Die ganze federleichte Existenz hing an dem Gewicht dieses Augenblicks.
»Verweile« hätte sie ihm zurufen mögen, hätte sie nicht um die fatalen Folgen solchen Ansinnens gewusst. Die Literatur hatte sie gründlich gelesen.
Einen Moment später ließ ein märchenhaftes Rauschen die Luft vibrieren. Eine dunkle Wolke ergoss sich über den Garten. Vögel. Die Zugvögel. Sie waren angekommen. Ein jedes Jahr erwartetes und anrührendes Ereignis. Der Olivenbaum im unteren Garten war einer ihrer bevorzugten Plätze. Hunderte dunkler Blüten oder Früchte, so bevölkerten sie ihn, um sich in einem beliebigen Moment – aus für Uneingeweihte nicht erfindlichen Gründen – in einer gemeinsamen Bewegung zu erheben. Das Flügelschlagen verharrte in der Luft. Eine kurze Weile schienen sie über dem Baum zu stehen, ehe sie endgültig davonstoben und sich in alle Himmelsrichtungen verteilten.

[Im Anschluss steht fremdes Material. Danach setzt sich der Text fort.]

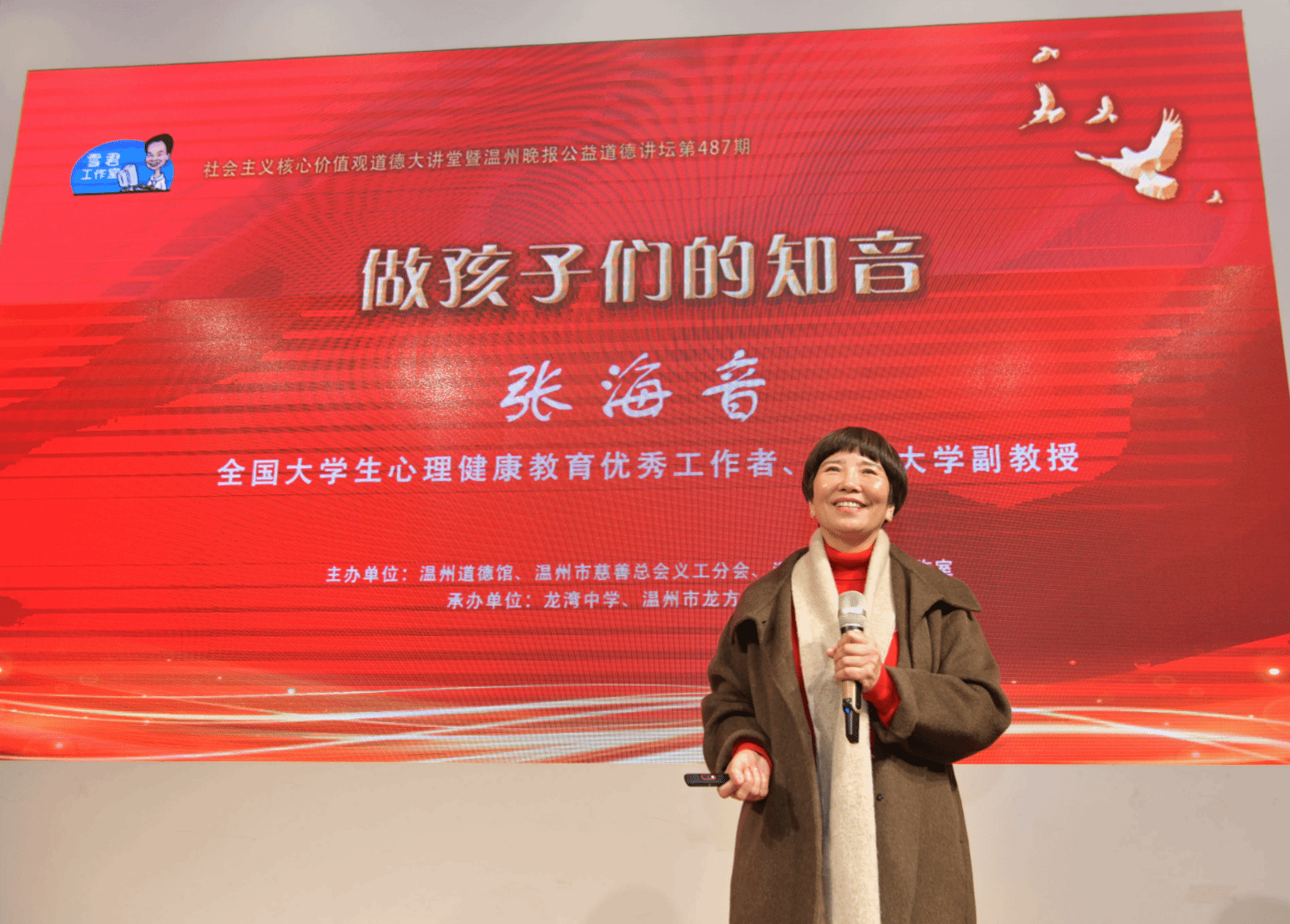 她,一位挽救了100多名抑郁症学生生命的老师。在数十年的心理教育路上,她用爱去感染身边的人,用乐观的态度去面对生活,这便是她教学的方式。1月3日,全国大学生心理健康教育优秀工作者、sunbet申愽官网副教授张海音做客社会主义核心价值观道德大讲堂暨温州晚报公益道德讲坛第487期,为现场家长带来了题为《做孩子们的知音》的精彩分享。

Sie kamen und gingen nach einem Rhythmus, der keinen Sinn erkennen ließ. Es bedurfte keiner zielgerichteten Handlung. Sinn und Zweck fielen ohne Aufwand ineins. So sprach der Augenschein. Doch es handelte sich um eine Täuschung, denn nie waren es dieselben Schwärme, die da kamen und gingen. Sie hatte einige Zeit gebraucht, um das zu realisieren. Die Scharen auf der Durchreise (Stare vornehmlich) bevorzugten einfach denselben Baum.